A common task of forensic investigators is looking for hidden partitions and encrypted files, as suspicion arose when TrueCrypt was found on the suspect's machine and an encrypted partition was found. The interrogation did not yield any success in getting the passphrase from the suspect, however, it may be present in the memory dump obtained from the suspect's computer.
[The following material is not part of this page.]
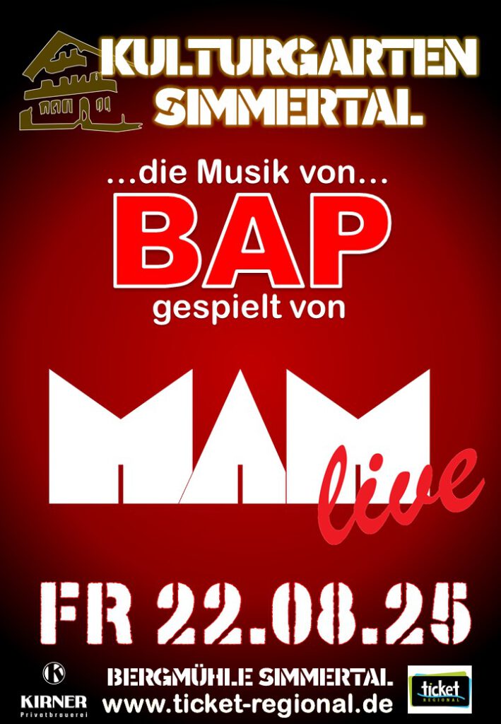 Am Freitag den 22.08.2025 ist die Kölner BAP Tribute Band MAM beim Kulturgarten auf der großen Open Air Bühne zu sehen.

What is the TrueCrypt passphrase?

Ok, so there are some truecrypt options

	truecryptmaster	Recover TrueCrypt 7.1a Master Keys
	truecryptpassphrase	TrueCrypt Cached Passphrase Finder
	truecryptsummary	TrueCrypt Summary

So let's double check the profile and try truecryptpassphrase

╰─○ sudo volatility -f Snapshot14.vmem imageinfo                                 
#Volatility Foundation Volatility Framework 2.6
INFO    : volatility.debug    : Determining profile based on KDBG search...
          Suggested Profile(s) : Win7SP1x64, Win7SP0x64, Win2008R2SP0x64, Win2008R2SP1x64_23418, Win2008R2SP1x64, Win7SP1x64_23418
                     AS Layer1 : WindowsAMD64PagedMemory (Kernel AS)
                     AS Layer2 : FileAddressSpace (/home/tony/Downloads/Snapshot14.vmem)
                      PAE type : No PAE
                           DTB : 0x187000L
                          KDBG : 0xf80002c4d0a0L
          Number of Processors : 1
     Image Type (Service Pack) : 1
                KPCR for CPU 0 : 0xfffff80002c4ed00L
             KUSER_SHARED_DATA : 0xfffff78000000000L
           Image date and time : 2020-12-27 13:41:31 UTC+0000
     Image local date and time : 2020-12-27 05:41:31 -0800

Ok, so we should be good with the same profile, onto the passphrase...

╰─○ sudo volatility -f Snapshot14.vmem truecryptpassphrase --profile Win7SP1x64
Volatility Foundation Volatility Framework 2.6
Found at 0xfffff8800512bee4 length 11: [REDACTED]

Answer: Found at 0xfffff8800512bee4 length 11: [REDACTED]

Done

A nice little room to brush up on memory forensics.